Cells were treated with the test item at 12 concentrations from 0.98 to 2000 µM in DMSO, according to a geometric progression of ratio 2. 

Another group of cells were treated with the positive control (cinnamaldehyde) at 5 concentrations from 4 to 64 µM according to a geometric progression of ratio 2.

A further group of cells were treated with DMSO (1% in treatment medium).

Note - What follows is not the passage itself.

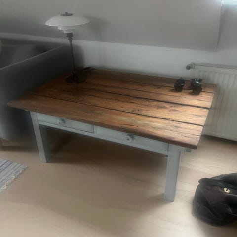 Andre borde, Vintage, andet materiale, b: 78 l: 124, Smuk bordplade i linolium med egetræskant.

The study was composed of three different repetitions, with 3 replicates for the measurement of induction and 2 replicates for the measurement of cytotoxicity for each repetition. Induction and cytotoxicity were determined after a cell treatment period of 48 hours with the test item, positive and negative controls.

The experimental protocol was established according to the O.E.C.D GuidelineNo 442-D, dated February, 04th, 2015 and the ECVAM DB-ALM protocol 155:KeratinoSens^TM.

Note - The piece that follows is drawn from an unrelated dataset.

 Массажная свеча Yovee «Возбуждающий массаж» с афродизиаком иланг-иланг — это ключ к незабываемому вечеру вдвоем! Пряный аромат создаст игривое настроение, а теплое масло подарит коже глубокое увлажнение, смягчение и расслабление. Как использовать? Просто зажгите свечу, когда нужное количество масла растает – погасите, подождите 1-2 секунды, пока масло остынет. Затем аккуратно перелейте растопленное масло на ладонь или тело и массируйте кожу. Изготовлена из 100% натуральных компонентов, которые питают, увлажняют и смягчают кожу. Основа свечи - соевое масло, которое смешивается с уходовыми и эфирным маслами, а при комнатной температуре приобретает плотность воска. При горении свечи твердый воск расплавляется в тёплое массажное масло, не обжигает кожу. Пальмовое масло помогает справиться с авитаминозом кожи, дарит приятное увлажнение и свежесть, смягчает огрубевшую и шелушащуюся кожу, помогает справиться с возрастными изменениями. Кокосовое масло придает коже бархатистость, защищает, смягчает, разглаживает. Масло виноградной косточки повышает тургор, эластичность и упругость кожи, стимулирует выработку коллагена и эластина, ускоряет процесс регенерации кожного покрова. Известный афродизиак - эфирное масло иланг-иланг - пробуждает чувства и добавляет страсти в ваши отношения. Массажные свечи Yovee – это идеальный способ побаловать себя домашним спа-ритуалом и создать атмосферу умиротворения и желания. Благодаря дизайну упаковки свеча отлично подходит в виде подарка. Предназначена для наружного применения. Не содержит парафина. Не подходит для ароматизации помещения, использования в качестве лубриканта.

For viability the geometric mean of the IC 50 is 18.56.

In both repetitions, Imax are lower than 1.5, and no EC1.5 is determined.

Under the retained experimental conditions the test item may be classified as not sensitizer.

The test method KeratinoSens^TM is considered scientifically valid to be used as part of an integrated approaches to testing and assessment, to support the identification of the sensitization potential of test item for hazard classification and labeling purposes.